Without additional funding, state and local governments, most of which have to balance their budgets by law, will be forced to lay off teachers, police and other essential employees. Those layoffs would contribute to the ongoing unemployment crisis. Approximately 787,000 people filed for first-time state unemployment benefits last week, with another 345,000 seeking Pandemic Unemployment Insurance. While initial claims have dropped, they still far exceed the pre-pandemic record of 695,000 initial claims in a week. They also don't reflect those people who have left the labor force entirely.

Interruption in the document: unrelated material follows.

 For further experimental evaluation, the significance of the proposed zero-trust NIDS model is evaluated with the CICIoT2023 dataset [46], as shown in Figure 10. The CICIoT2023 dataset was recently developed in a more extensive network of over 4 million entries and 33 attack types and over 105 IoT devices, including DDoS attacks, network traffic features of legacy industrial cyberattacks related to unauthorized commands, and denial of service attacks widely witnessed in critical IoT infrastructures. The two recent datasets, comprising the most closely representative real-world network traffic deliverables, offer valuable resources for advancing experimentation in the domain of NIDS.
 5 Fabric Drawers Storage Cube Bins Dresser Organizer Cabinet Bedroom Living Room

Senate Majority Leader Mitch McConnell, meanwhile, put two smaller bills up for a vote earlier this week. One was a $500 billion extension of the Paycheck Protection Program, which loans money to businesses to help them keep employees on staff during the economic downturn. The other was a $500 billion "skinny" package of stimulus that included a weekly federal unemployment benefit of $300. Neither included stimulus checks or aid for cities and states. Both failed to receive the 60 votes necessary to overcome a filibuster.

Should Pelosi and Mnuchin reach a deal by Friday or before the election, McConnell has promised bring it to a hostile Senate for a vote. However, the timing of that vote will certainly take a backseat to the confirmation of Amy Coney Barrett to the Supreme Court. And McConnell has also advised President Trump against making any sort of stimulus deal before the election, lest it create more divisions among Republicans, specifically those in tight races in fiscally conservative areas.

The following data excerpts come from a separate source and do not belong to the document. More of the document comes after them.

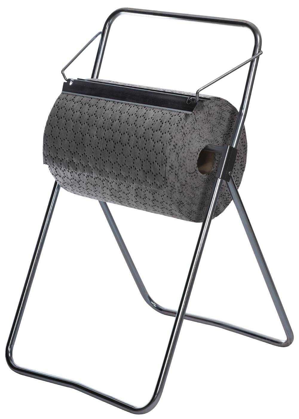Ett praktiskt golv- och väggställ med blankförzinkade rör som passar absorbering- och pappersrullar med en bredd på upp till 40 cm. Enkel montering. Levereras utan rulle.
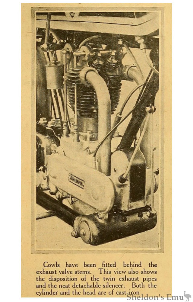 Cowls have been fitted behind the exhaust valve stems. This view also shows the disposition of the twin exhaust pipes and the neat detachable silencer. Both the cylinder and the head are of cast-iron
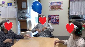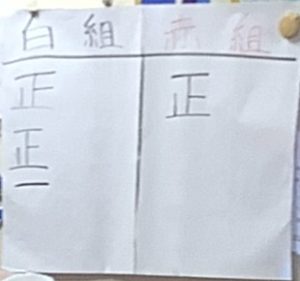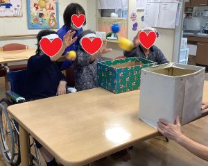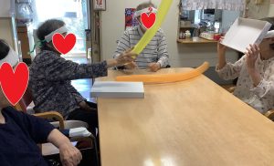 秋といえば運動会ということで先日、運動会を行いました。赤チームと白チームで別れてラジオ体操から始め、選手宣誓も入居者様にして頂き、玉入れ、風船バレー、叩いてかぶってじゃんけんポンの競技で見事、白チームの優勝で盛り上がりました。
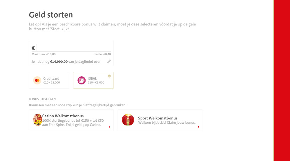 Er zijn bij Online Jacks Casino de volgende stortingsmethoden beschikbaar: iDEAL, Mastercard, Visa, Maestro en bankoverschrijvingen.
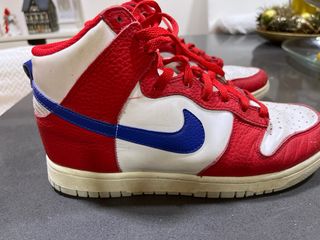 Zapatillas altas Nike Jordan en talla 41. Combinan cuero rojo y blanco con detalles azules. - Cierre con cordones rojos. - Diseño de caña alta. - Suela de goma blanca.
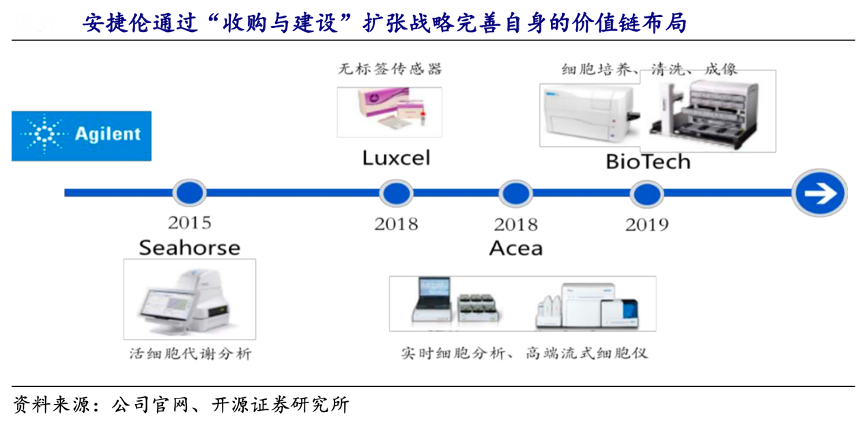 經(jīng)典案例:根據(jù)公司官網(wǎng)、開(kāi)源證券研究所等綜合資訊表明,安捷倫通過(guò)“收購(gòu)與建設(shè)”的發(fā)展戰(zhàn)略,不斷完善自身的價(jià)值鏈布局、提升自己的全球影響力。2010年,安捷倫收購(gòu)儀器制造公司 Varian, 增強(qiáng)了自身在化學(xué)分析儀器方面的業(yè)務(wù)深度,并正式進(jìn)入生命科學(xué)領(lǐng)域,并通過(guò)對(duì)其核磁共振業(yè)務(wù)的整合成為全球三大核磁供應(yīng)商。
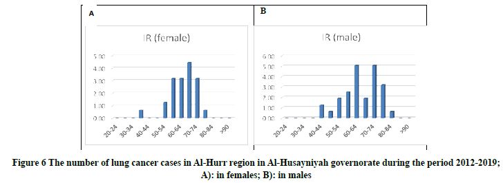 In Iraq, lung cancer is the second most common cancer and the most common among males. In the Basra-Iraq governorate, the number of injuries reached 746 (566 for males and 180 for females) during the period (2005-2012) and in Maysan governorate-Iraq, 119 cases (95 for males and 24 for females) were recorded during the period (2015- 2016) [4,15,18,19]. The number of cases in this study was small when compared with other governorates such as Basra and Maysan, because of the waste of wars in the south of Iraq as shown in Table 4.
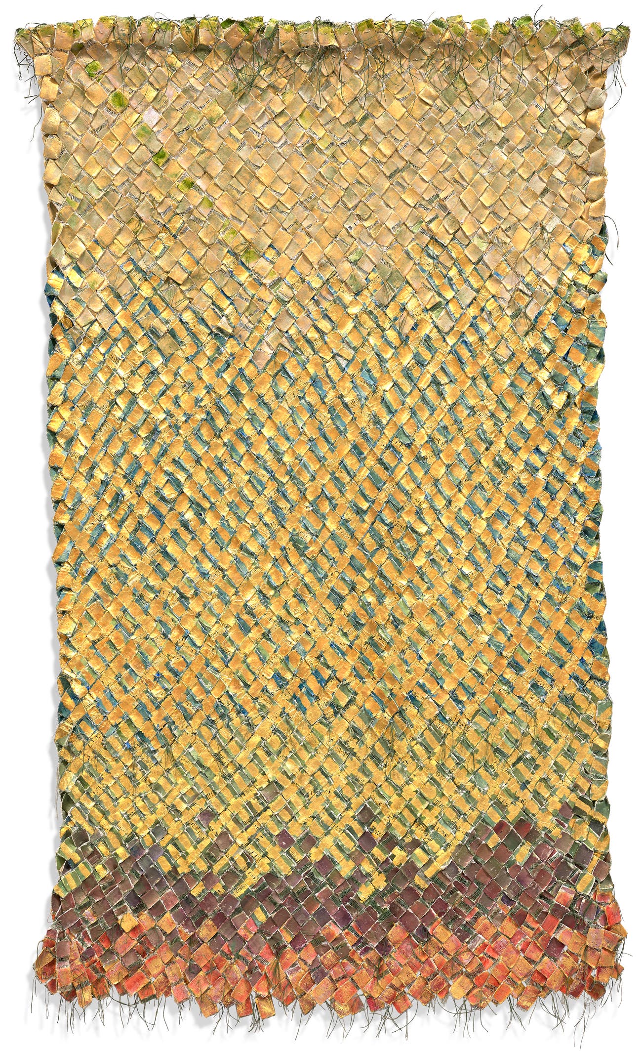 Colombian | 1932At age 22 with a degree in architectural design, Olga de Amaral moved from Bogotá to the United States where she studied fiber art at the Cranbrook Academy of Art in Michigan. She returned to Colombia in 1955, and in 1956 she and her husband, Jim Amaral, opened a workshop of hand-woven textiles. De Amaral's distinctive large-scale abstract woven pieces are often covered in gold and silver leaf, lending them a shimmering, almost sculptural quality in contrast to the feeling of a tapestry. Her richly textured pieces evoke the varied natural landscapes of Colombia as well as ancient pre-Columbian gold artifacts. The artist's architectural background is evident in the precise sculptural quality of her works, but de Amaral says her craft is driven by emotion and that she does not plan for particular patterns to emerge.
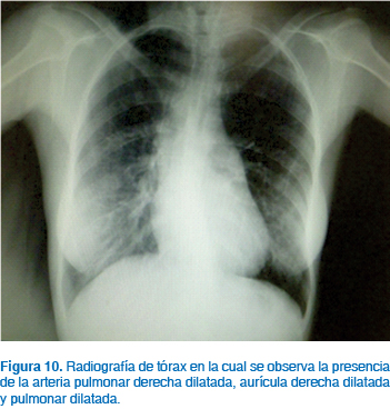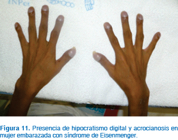 El síndrome de Eisenmenger es la complicación más crítica de las pacientes que presentan algún tipo de defecto cardiaco con cortocircuito13,18,22 (Figuras 9 a 11). Este síndrome se desarrolla a través de los años conforme se incrementa el grado y severidad de la hipertensión pulmonar cuando no existe corrección del defecto inicial. La causa más común para la aparición del síndrome es un gran defecto septal seguido de la persistencia del conducto arterioso. El mecanismo de desarrollo es el siguiente: el aumento del flujo a la circulación pulmonar en un inicio es tolerado por la vasodilatación pulmonar; sin embargo, conforme pasa el tiempo existe aumento de las resistencias vasculares pulmonares por cambios en la íntima de estos vasos, aumentando la resistencia hasta niveles severos; la dificultad para la perfusión pulmonar genera aumento de la presión en la arteria pulmonar, ventrículo derecho y aurícula derecha, generando dilatación primero y luego hipertrofia de estas cavidades. En estas circunstancias, la presión en las cavidades derechas cardiacas puede superar las presiones de las cavidades izquierdas venciendo las resistencias vasculares sistémicas e invirtiendo el flujo del cortocircuito, siendo inicialmente de izquierda a derecha para posteriormente ser de derecha a izquierda. En estas condiciones, parte del gasto cardiaco derecho pasa a la circulación izquierda sin pasar por los pulmones, generándose cianosis en la paciente.13
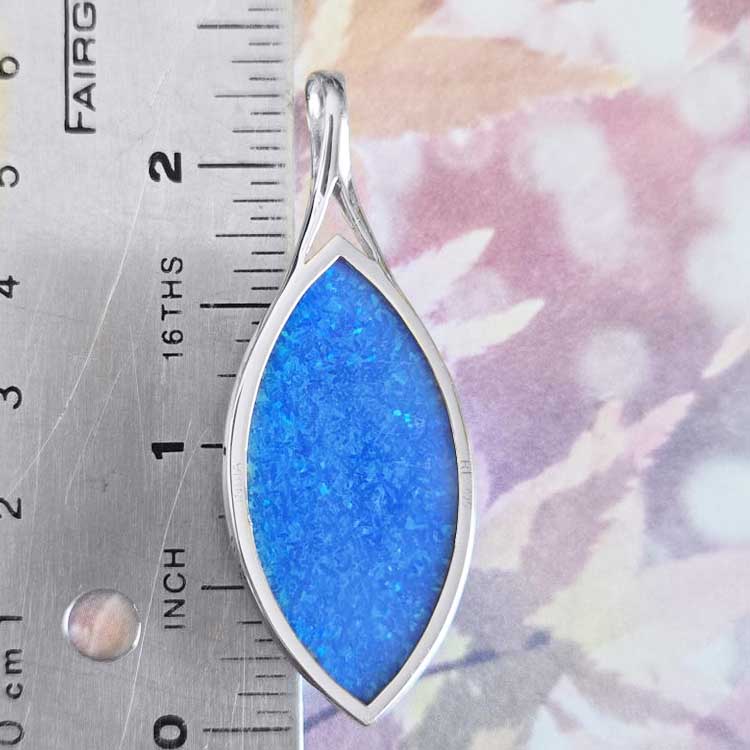 One of a Kind Pacific Blue Created Opal Backed Quartz Marquis Pendantns49_sidens49_back_ruler

Will a second round of stimulus find its way to American consumers and businesses ? It certainly won't by election day, even if a deal is reached in the next two weeks. And that is bad news for the millions who are struggling right now to make ends meet. It is also bad news for the health of the economy going forward.

>>READ: Stimulus Package Update: What Happens To The Economy Without A Second Stimulus?

According to Lisa Cook, professor of economics at Michigan State University and a former senior economist at the president's council of economic advisors, "we're embracing austerity, when what we need is investment. I can't believe we didn't learn the lessons of 2008-2009, of the Great Recession. So there are parallels, and they are stark. I can't believe that we have such short memories that we can't remember how slow the recovery was. That's the real peril. If we have a recovery that is... elongated, that means that people are suffering. Those are numbers, but those are also people. They are families. They are farms. They are small businesses. People waiting on this kind of relief."

The $2 trillion-plus CARES Act, which passed back in March, was a bipartisan effort. It helped people and small businesses, through stimulus checks, additional unemployment and paycheck protection. An estimated $560 billion went to individuals, and another $377 billion went to small businesses. But the effects of that first round of stimulus have largely run their course. However, COVID-19 is on the rise once again, and its damage to the economy continues.

Another sizable stimulus package could keep the economy afloat. But despite the intensity of negotiations, it doesn't appear that life raft is coming anytime soon. Bipartisanship and gridlock on Capitol Hill are once again holding back any sort of meaningful legislation.

"We're in a situation now where lives and livelihoods are really at stake," says Nancy Cordes, Chief Congressional correspondent for CBS News. "People are getting sick. People are dying. People are losing their jobs. People are going hungry. They are falling behind on their rent. All of this through no fault of their own. You would hope, in that situation, that the two sides would put their differences to the side and just sit down together and work through this. What do people need? Where can we do the most good right now? And you really, by and large, haven't seen that happening. You've seen them talking past each other. Clearly Democrats have wanted to do far more than Republicans, and that has prevented them even from negotiating it at times, because they just felt like they couldn't get to some kind of agreement that both sides could live with. It's really disappointing."